Currently, you can upload files with the script.

sorno_locate_git.py

Gets the remote location of a local file/directory from a local git repository.

sorno_grepchunks.py

Oftenly, you want to treat multiple lines as one chunk and see if it matches a regex. If it does, you want to print out the whole chunk instead of the only line that matches the regex. sorno_grepchunks lets you define what a chunk is by giving a chunk starting regex, that is, all the lines starting from the line that matches the regex and before the next match are treated as one chunk. You can then apply another regex to match against it.

sorno_gtasks.py

A script version of Google Tasks

sorno_java_deps_graph.py

Prints the class dependency graph given a bunch of java source files.

sorno_join_malls_info_in_csv.py

Join the malls information in different csv files.

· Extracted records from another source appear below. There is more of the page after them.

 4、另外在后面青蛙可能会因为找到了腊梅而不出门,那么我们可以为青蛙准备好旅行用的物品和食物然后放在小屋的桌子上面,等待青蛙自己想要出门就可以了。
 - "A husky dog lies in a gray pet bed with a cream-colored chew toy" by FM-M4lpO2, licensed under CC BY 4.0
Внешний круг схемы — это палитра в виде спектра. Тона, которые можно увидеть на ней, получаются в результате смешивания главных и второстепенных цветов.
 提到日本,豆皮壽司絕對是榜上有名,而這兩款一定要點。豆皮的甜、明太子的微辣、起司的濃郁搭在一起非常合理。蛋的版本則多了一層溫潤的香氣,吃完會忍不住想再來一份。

The first line of each csv file should be the headers. One of the header should be “Name”.

Sample run:

sorno_join_malls_info_in_csv.py --columns-kept-last "Total Mall Store GLA" *.csv

sorno_ls.py

sorno_ls.py is just like the Unix “ls” command

sorno_merge_pdfs.py

Merge pdfs

sorno_pick.py

A script to prompt for choosing items generated from different sources, then print those items out. For example, if you have a script to generate common directories that you use, e.g. gen-fav-dir.sh, you can put the following in your .bashrc, assuming sorno_pick.py and gen-fav-dir.sh are in your PATH:

$ alias cdf='cd $(sorno_pick.py -c gen-fav-dir.sh)'

Then you can just type:

$ cdf

And you will be given a list of directories to “cd” to.

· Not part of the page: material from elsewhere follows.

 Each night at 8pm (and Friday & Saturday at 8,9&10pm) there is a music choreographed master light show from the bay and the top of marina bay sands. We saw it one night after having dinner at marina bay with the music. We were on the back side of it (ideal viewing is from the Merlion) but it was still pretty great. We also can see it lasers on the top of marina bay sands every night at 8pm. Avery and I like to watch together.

P.S. You probably want to set the alias to the following:

$ alias cdf='tmp="cd $(sorno_pick.py -c gen-fav-dir.sh)";history -s "$tmp";$tmp'

This ensures the history is inserted in a useful way, e.g. when you run “history”, you see the actual command instead of just “cdf”.

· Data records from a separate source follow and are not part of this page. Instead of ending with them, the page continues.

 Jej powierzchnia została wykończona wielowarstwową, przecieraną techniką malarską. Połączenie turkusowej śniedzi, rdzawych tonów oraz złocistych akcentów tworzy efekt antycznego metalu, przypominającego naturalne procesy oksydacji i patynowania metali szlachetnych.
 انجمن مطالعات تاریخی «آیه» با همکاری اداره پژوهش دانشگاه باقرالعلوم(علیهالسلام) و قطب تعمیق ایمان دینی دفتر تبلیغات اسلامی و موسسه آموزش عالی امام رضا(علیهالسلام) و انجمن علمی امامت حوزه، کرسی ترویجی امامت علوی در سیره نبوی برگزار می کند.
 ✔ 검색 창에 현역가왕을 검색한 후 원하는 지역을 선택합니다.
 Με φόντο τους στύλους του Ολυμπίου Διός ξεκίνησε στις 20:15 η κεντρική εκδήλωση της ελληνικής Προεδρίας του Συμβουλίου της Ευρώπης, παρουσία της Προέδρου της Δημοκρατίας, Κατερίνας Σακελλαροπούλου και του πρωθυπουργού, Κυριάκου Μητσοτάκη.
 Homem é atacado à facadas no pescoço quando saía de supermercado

sorno_podcast_downloader.py

Downloads podcasts given a feed url.

The downloaded podcasts have useful file names (e.g contain the title of the podcast and prefixed by the published date).

sorno_protobuf_to_dict.py

Converts text format of protobufs to python dict.

The script launches ipython for you to play with the parsed python dict.

sorno_realdate.py

Prints the human readable date for timestamps

Example:

$ sorno_realdate.py 1455223642 1455223642000 1455223642000000 1455223642000000000
1455223642: 2016-02-11 12:47:22-0800 PST in s
1455223642000: 2016-02-11 12:47:22-0800 PST in ms
1455223642000000: 2016-02-11 12:47:22-0800 PST in us
1455223642000000000: 2016-02-11 12:47:22-0800 PST in ns

sorno_reduce_image_sizes.py

Saves images with reduced sizes.

Reduces the sizes of all images in a directory and its subdirectories by saving them with lower quality jpg format. The directory structure is preserved but the new directory is created with a timestamp suffix.

sorno_rename.py

sorno_rename.py renames files given regex for matching names of the existing files and using backreferences for filenames to be renamed to.

sorno_replace_thrift_const.py

Replaces constants with literal values for a thrift file except for the declaration. This is mainly for thrift compilers which cannot handle constants within lists or other collection structures.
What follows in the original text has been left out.